Pour tester le pipeline, l'équipe de recherche a réalisé une étude de cas en utilisant un recueil de protéines bactériennes trouvées uniquement chez des patients atteints de la maladie de Crohn, et un autre ensemble de protéines que l'on ne trouve que chez les personnes en bonne santé. Ils ont utilisé MicrobioLink pour comparer comment les différents ensembles de protéines affectaient l'autophagie, qui est un processus cellulaire important qui est connu pour être dérégulé dans la maladie de Crohn. Cela a révélé un réseau avec des voies de signalisation clairement séparées exclusives à la maladie et aux contextes sains et, finalement, influençant l'expression des gènes de l'autophagie.
Ces résultats devraient être confirmés expérimentalement mais ils pointent vers un mécanisme potentiel liant le microbiome et la maladie de Crohn. L'étude de cas démontre également le potentiel de ce pipeline informatique intégré pour traduire les communications entre les microbes et l'hôte afin que nous puissions commencer à comprendre leurs effets sur le corps, et leurs implications sur la santé et la maladie.
En plus d'étudier l'influence du microbiome sur d'autres maladies, MicrobioLink pourrait également être utilisé pour déceler les effets bénéfiques sur l'hôte de bactéries probiotiques ou de communautés de bactéries, et pas seulement chez les humains.
Essentiellement, nous proposons désormais à la communauté scientifique une méthode pour mieux comprendre comment les bactéries commensales ou probiotiques influencent notre santé.
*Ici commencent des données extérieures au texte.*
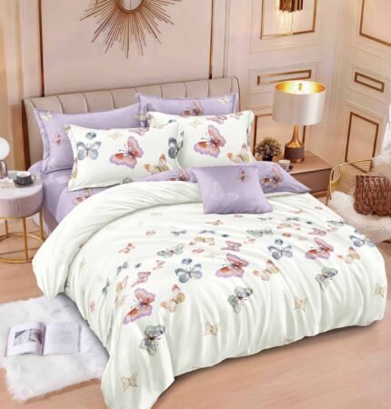 Set Lenjerie cu 6 piese confecționată din Bumbac Finet pentru pat dublu și 4 fețe de pernă.
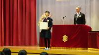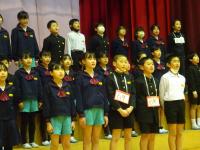 今年度の清水賞は,3名の6年生が受賞しました。日頃から,学校のために,みんなのために進んで行動している姿が認められました。全校の子どもたちからも,「おめでとう」の温かな拍手が贈られました。
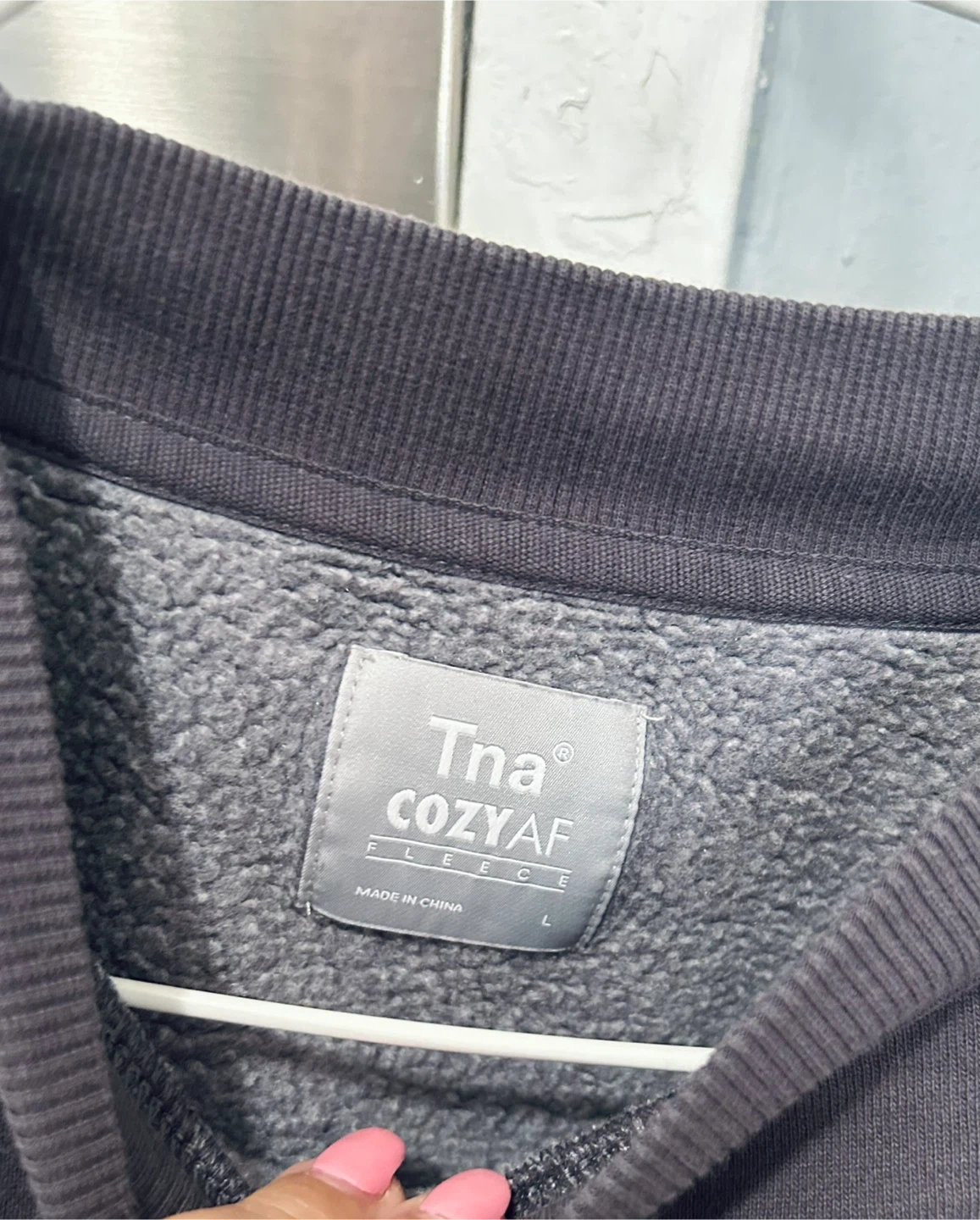 Selling a Tna Cozy AF fleece sweatshirt in size L. It's in great condition and super comfy! Perfect for cozying up on chilly days.

C'est un outil d'analyse informatique, donc la première étape vers la conception d'études expérimentales ciblées, mais nous espérons que cela aidera déjà nos collègues à tirer parti de la richesse existante des données de divers patients, et aboutir à de nouvelles études d'intervention clinique."
Dr Tamas Korcsmaros, Institut Quadram
"Comme MicrobioLink est polyvalent et agnostique pour les organismes, il aura des applications en santé animale, ainsi que dans l'analyse de la manière dont le microbiome du sol affecte la santé des plantes. » - a ajouté Padhmanand Sudhakar.
Plus immédiatement, l'équipe cherche à appliquer MicrobioLink pour comprendre les effets du virus SARS-CoV-2 derrière la pandémie de COVID-19.